• Column
  • 匠の技とAI技術が融合する“人間中心”の製造DX

現場の知や技を融合させた日本型DXで、人間主役の変革へと舵を切れ

「Industrial Transformation Day 2026」より、荏原製作所 DCXグループ DXアーキテクトの助松 裕一 氏

江嶋 徹
2026年6月10日

 文化的障壁にとらわれる一方で、テクノロジーの潮流は急速に動いている。助松氏は「CES 2026」で米NVIDIA CEO(最高経営責任者)のジェンスン・フアン(Jensen Huang)氏が、フィジカルAIの本格展開を宣言したことに触れ「すぐにでもデジタルツイン化に舵を切らなければ、競争から脱落しかねない厳しいタイミングに来ている」と危機感を露わにする。

 フィジカルAIの本質を、助松氏は「物理世界における重力や摩擦までをシミュレーションし、AI技術が『感じ』『動き』『学ぶ』という身体的な段階に入ったこと」と分析する。この能力が「日本人の伝統的な強みと正面から衝突する」というのが助松氏の見解だ。「AI技術は手間を惜しまず、面倒くさがらず、実直に仕事をやり遂げる。これは日本人が最も得意としてきた職人気質と完全に重なっている」(同)

 さらに事態は「海外発の最先端AIを“使いこなす”だけで解決するほど、事は単純ではない」(助松氏)という。日本人が誇る技能・判断・哲学が学習データとしてプラットフォーマーに吸い上げられ「標準化や収益化の権利がすべて海外に握られかねない」(同)からだ。

 そうなれば日本の現場に人は残っても、実質的な意思決定は外部に帰属する。この主従逆転によって『文化的AI植民地化』に陥りかねない」と助松氏は警鐘を鳴らす。

「HX」による人の変革こそが日本型DXの設計図

 では、日本の製造業はどう立ち向かうべきか。助松氏が提唱するのが「DX=HX」という考え方への転換だ。欧米型のDXがシステム変革を主体として人間を適応させようとするのに対し「日本型DXは人間の変革を主体とし、システムはあくまでもそれを補助する手段として位置付けるべき」(助松氏)だという(図4)。

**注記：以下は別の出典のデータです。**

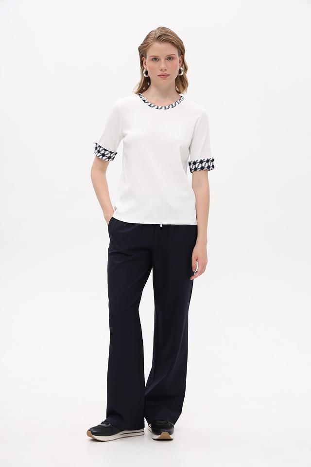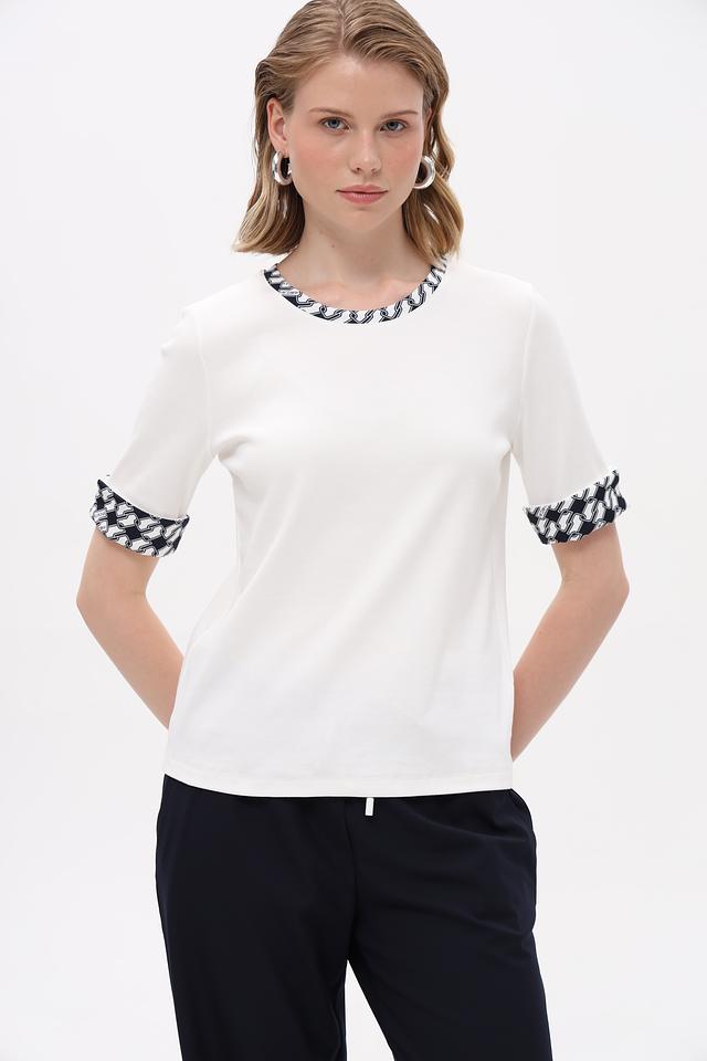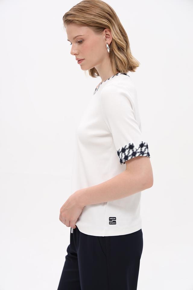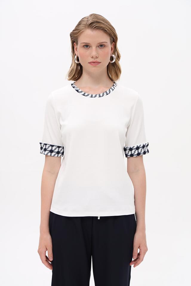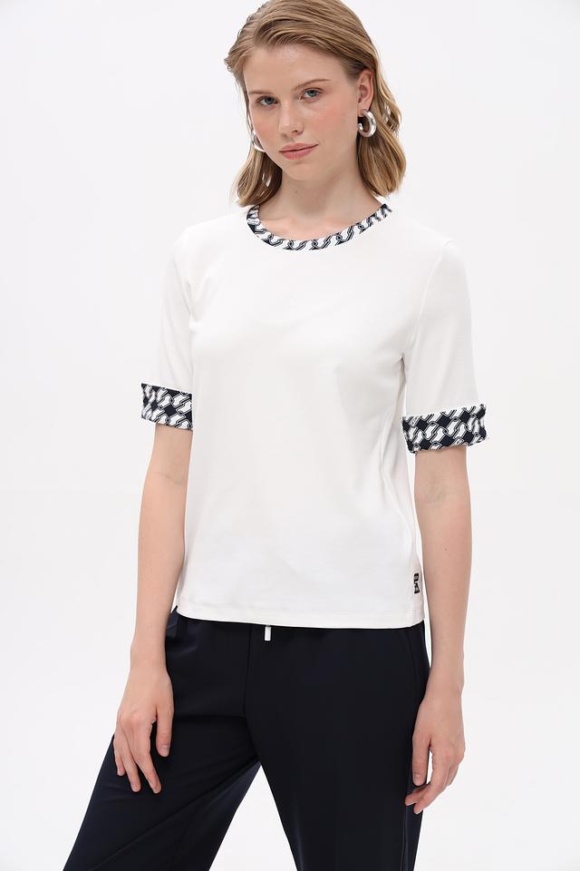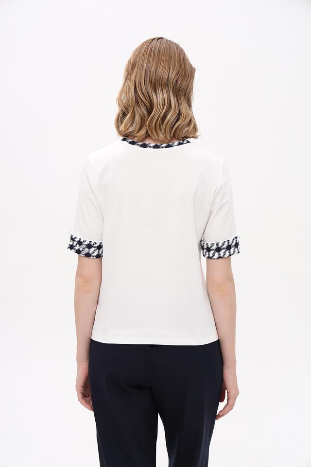 Основной цвет футболки – белый, что делает её универсальной для создания различных образов. Особенностью модели является оригинальный принт в клетку на рукавах и декоративная цепочка у горловины, которые придают ей изысканность и индивидуальность.

図4:HX(Human Transformation)が日本型DXに不可欠な理由

 HXとは単にスキルを習得したり、リスキリングしたりする試みではない。それは「“誰が・なぜ・どう判断するのか”という意思決定の本質を人に残す変革だ」(助松氏)という。荏原製作所が実践する「EBARA-D3は、まさにこのHXを体現するプロジェクトだ」と助松氏は力を込める。

 そこではBeyondverseがデジタル世界で「見える化・最適化」を担い、DOJOがフィジカル世界での「できる化・受け継ぐ化」を担う。両者の融合によって「デジタルと人の知が循環し、現場・人材・組織が自律的に進化し続ける仕組みを目指している」(助松氏)という。

 講演の最後に、助松氏は「日本独自のユースケースを皆さんとシェアし、掛け合わせて育てていく必要がある」と呼び掛ける。そして「Re-DESIGNED JAPAN for Re-MADE in JAPAN」というキャッチフレーズを掲げ「1980年代の『メイドインジャパン』を現代のテクノロジーで再構築していきたい」と締めくくった。